Profit per customer higher? Probably. Premium per policy will rise with inflation and rider attachment. Loss ratios should remain stable. Investment yield on the float will rise modestly as the bond book rolls into higher coupons (this is the most underappreciated tailwind — Aflac's investment portfolio is locked into low-yield Japanese assets that will reprice over the next decade). Profit per customer up 2-3%/year, mostly from yield, partially from price.
Moat wider? No, slightly narrower. Distribution moats erode as digital channels compete. Brand intangible erodes as younger demographics shop online.
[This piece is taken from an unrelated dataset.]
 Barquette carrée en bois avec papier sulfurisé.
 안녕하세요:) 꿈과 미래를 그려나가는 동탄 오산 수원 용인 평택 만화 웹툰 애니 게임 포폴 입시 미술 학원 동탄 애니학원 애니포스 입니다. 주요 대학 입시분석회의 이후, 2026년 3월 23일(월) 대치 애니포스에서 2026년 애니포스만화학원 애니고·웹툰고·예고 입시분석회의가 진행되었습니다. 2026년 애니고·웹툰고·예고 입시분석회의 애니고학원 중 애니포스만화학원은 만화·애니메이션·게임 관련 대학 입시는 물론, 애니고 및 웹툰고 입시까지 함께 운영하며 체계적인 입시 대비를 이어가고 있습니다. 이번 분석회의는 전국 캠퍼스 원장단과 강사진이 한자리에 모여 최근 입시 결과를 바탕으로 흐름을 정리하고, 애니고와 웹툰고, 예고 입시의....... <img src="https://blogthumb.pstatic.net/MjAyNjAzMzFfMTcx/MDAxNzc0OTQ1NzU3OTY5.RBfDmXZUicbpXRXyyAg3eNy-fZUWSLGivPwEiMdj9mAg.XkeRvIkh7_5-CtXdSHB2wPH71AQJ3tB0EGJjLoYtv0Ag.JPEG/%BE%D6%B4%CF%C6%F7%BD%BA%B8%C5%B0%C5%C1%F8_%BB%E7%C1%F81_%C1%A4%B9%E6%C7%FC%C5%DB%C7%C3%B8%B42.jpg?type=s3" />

Switching costs in worksite are eroded by HR-tech aggregators. Aflac's response — own digital distribution, partner with HR-tech, push direct-to-consumer in Japan — is rational but defensive.
Single biggest threat? Yen translation risk over a long horizon, compounded by the demographic shrinkage of the Japanese supplemental market. A USD/JPY of 200+ combined with 1-2%/year policy-count decline in Japan would compress Aflac's earnings power by 30-40% over a decade. The buyback would partially offset, but the franchise economics would be smaller.
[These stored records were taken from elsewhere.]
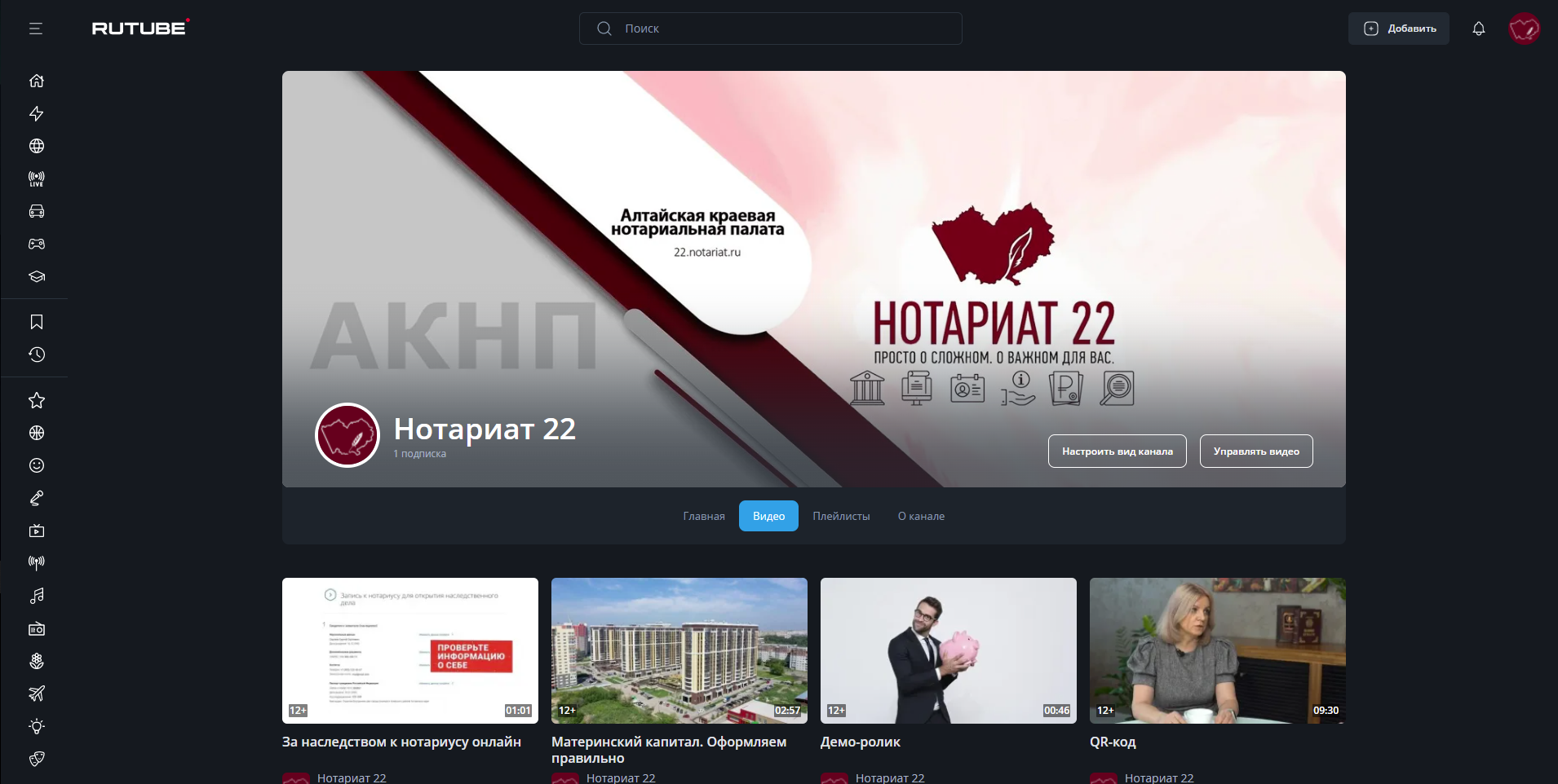 Видеоканал Алтайской краевой нотариальной палаты теперь представлен на российском видеохостинге Rutube.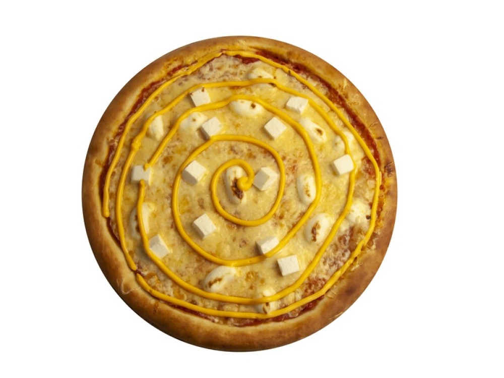 Тесто, соус томатный, моцарелла, пармезан, фета, сливочный сыр, сырный соус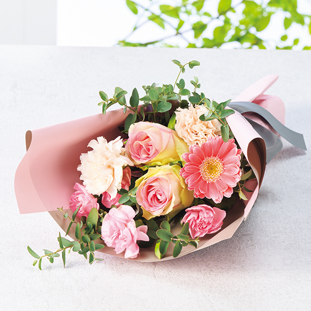 ピンクのお花が大好きなお母さんのプレゼントにおすすめ、ピンクを主役にしたブーケです。

Confidence. The fundamental business is recognizably the same in 10 years. The earnings level is uncertain because of FX. The franchise is durable but not expanding. This is a 'medium confidence' compounder — not a Costco-grade certainty (Costco is 'high'), and not a tech-platform 'low' uncertainty.
CONFIDENCE: medium
Position guidance
- **Recommendation:** Buy - **Conviction:** medium - **Target buy price:** $105 (modest add zone) / $95 (aggressive add). Current $112.88 is already actionable. - **Target trim price:** $185 (approaches FX-haircut base IV of ~$180) / $230 (full base IV approach) - **Position sizing:** 2-4% of portfolio. The franchise quality and price/IV ratio support a meaningful position, but the yen-translation risk argues against making AFL a top-five holding. Size as if you are buying a Japan-FX-exposed earnings stream, because you are. - **Hedging note:** investors with concentrated Japan FX exposure elsewhere should size lower; investors who want yen exposure can size higher. - **Catalysts to watch:** quarterly Japan persistency, USD/JPY trajectory, US worksite new business, buyback pace, BoJ rate normalization (positive for float yield), Japan Post relationship status. - **Exit triggers:** material change in Japan Post distribution, persistent USD/JPY above 175 with no offsetting earnings strength, capital allocation deterioration (large M&A, buybacks above 1.0x IV).